Below are my top 7 tips:
1. Speak with the interpreter(s) prior to the start of mediation!
- Introduce yourself to the interpreter(s) and speak briefly with the interpreter prior to the start of mediation.
- Give the interpreter(s) a little background information about the matter, including the names of the parties and a brief description of the case.
- Ask interpreters if they prefer to introduce themselves and clarify their role or if they would prefer you do so in your opening statement.
- Ask the interpreters to verify the parties understand them at the beginning of the session.

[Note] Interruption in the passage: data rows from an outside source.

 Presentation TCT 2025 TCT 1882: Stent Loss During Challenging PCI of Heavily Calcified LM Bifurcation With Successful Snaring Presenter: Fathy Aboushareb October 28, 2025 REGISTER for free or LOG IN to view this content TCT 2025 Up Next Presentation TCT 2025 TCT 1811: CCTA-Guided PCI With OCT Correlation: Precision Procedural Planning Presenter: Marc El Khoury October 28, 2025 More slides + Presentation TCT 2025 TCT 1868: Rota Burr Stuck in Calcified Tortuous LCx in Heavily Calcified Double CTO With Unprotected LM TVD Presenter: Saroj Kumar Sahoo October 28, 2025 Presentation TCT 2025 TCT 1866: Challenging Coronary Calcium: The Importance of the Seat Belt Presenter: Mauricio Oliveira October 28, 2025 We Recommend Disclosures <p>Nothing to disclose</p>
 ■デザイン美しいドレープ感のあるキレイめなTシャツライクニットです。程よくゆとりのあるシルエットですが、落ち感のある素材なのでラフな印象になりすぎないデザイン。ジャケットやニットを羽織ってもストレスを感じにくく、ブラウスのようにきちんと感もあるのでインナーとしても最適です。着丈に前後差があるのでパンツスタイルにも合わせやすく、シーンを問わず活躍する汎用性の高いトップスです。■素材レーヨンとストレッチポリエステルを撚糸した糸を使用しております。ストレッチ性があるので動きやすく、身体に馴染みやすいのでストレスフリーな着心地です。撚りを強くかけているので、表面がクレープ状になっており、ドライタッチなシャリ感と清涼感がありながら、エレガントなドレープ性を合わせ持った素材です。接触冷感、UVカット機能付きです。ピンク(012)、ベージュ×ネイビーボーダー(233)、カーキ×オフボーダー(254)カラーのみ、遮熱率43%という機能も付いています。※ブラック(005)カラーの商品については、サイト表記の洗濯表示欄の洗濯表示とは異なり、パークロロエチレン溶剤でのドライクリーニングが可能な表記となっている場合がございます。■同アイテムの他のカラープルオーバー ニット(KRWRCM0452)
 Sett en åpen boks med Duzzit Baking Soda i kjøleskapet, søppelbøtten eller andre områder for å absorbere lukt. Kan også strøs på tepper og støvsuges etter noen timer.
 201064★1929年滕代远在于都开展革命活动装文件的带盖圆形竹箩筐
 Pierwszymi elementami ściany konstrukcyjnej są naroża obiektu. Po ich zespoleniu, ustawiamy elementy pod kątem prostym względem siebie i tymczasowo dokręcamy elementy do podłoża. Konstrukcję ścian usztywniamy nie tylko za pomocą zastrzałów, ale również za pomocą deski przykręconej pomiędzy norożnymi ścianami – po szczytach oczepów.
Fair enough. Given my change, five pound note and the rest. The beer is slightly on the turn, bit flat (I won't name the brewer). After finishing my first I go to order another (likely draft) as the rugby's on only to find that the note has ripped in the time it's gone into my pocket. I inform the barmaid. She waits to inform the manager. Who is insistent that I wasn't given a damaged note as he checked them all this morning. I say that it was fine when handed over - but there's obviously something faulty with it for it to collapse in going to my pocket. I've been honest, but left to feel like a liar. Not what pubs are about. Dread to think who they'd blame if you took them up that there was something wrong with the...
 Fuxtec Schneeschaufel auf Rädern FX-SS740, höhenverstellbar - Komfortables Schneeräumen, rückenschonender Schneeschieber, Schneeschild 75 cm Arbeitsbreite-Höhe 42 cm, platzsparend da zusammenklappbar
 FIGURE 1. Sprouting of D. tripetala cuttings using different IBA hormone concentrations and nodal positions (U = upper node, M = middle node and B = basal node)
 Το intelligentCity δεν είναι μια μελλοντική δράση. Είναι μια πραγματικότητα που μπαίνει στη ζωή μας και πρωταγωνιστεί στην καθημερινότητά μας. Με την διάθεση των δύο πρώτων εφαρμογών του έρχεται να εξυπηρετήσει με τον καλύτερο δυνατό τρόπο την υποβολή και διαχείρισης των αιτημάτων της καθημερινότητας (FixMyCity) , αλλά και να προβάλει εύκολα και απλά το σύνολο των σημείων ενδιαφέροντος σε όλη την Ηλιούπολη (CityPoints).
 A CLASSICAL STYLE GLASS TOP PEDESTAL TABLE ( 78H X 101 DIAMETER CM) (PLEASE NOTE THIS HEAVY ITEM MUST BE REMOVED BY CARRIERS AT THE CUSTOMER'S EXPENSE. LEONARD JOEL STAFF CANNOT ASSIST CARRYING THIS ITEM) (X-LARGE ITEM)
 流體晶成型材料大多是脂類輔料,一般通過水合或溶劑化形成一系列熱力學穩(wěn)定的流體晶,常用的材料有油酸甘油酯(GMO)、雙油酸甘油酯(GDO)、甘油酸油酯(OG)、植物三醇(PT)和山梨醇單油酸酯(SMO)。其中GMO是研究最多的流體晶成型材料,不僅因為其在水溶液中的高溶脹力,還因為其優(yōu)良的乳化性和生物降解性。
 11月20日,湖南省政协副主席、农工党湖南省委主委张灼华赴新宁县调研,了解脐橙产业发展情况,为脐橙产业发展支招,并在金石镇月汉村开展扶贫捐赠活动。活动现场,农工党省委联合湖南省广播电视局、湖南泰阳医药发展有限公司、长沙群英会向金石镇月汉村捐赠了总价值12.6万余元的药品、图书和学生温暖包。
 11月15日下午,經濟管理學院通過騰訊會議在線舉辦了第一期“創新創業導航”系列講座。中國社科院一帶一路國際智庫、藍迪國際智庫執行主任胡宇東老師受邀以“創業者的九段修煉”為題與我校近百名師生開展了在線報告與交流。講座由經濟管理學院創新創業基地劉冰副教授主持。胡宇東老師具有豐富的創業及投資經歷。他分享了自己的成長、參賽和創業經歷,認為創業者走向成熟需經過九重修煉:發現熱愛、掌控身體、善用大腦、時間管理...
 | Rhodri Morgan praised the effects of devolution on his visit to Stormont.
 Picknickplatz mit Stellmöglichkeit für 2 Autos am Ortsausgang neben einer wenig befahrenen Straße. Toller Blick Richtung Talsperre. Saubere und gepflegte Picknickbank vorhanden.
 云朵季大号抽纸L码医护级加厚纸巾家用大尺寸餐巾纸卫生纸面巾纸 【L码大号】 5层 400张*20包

- If you have a copy of document(s) you intend to use, provide one to the interpreter either before the mediation or as soon as you can at the beginning of the mediation.
2. Speak to and look directly at the LEP party, not the interpreter.
- Speak directly with the LEP person, not the interpreter.
- Keep in the mind that the interpreter is not a party to the mediation. The interpreter’s role is more of a communication tool – and your focus should be on the mediation recipients.
3. Take frequent pauses.
- Pause after a couple of sentences or once the concept is complete. This may seem unnatural; however, as you continue to work with interpreters, you will begin to find a natural rhythm.
- Clarify points as you go.
- Pauses help to minimize interruptions.
4. EVERYTHING you say will be interpreted, including sidebars.
5. Avoid slang and acronyms when possible.
- Sometimes slang cannot be easily interpreted into another language.
- Speak clearly and in general terms.
6. Speak slower, not louder.
- I don’t know if this is true for all cultures, but I have noticed that sometimes people start to speak louder to someone who is LEP. This will not help the person understand, and may lead to frustration on both parts.
7. Allow extra time for the mediation.
- Interpretation may increase the time you normally allot for mediation.
- Generally, I increase my mediation time by 20 minutes for each hour.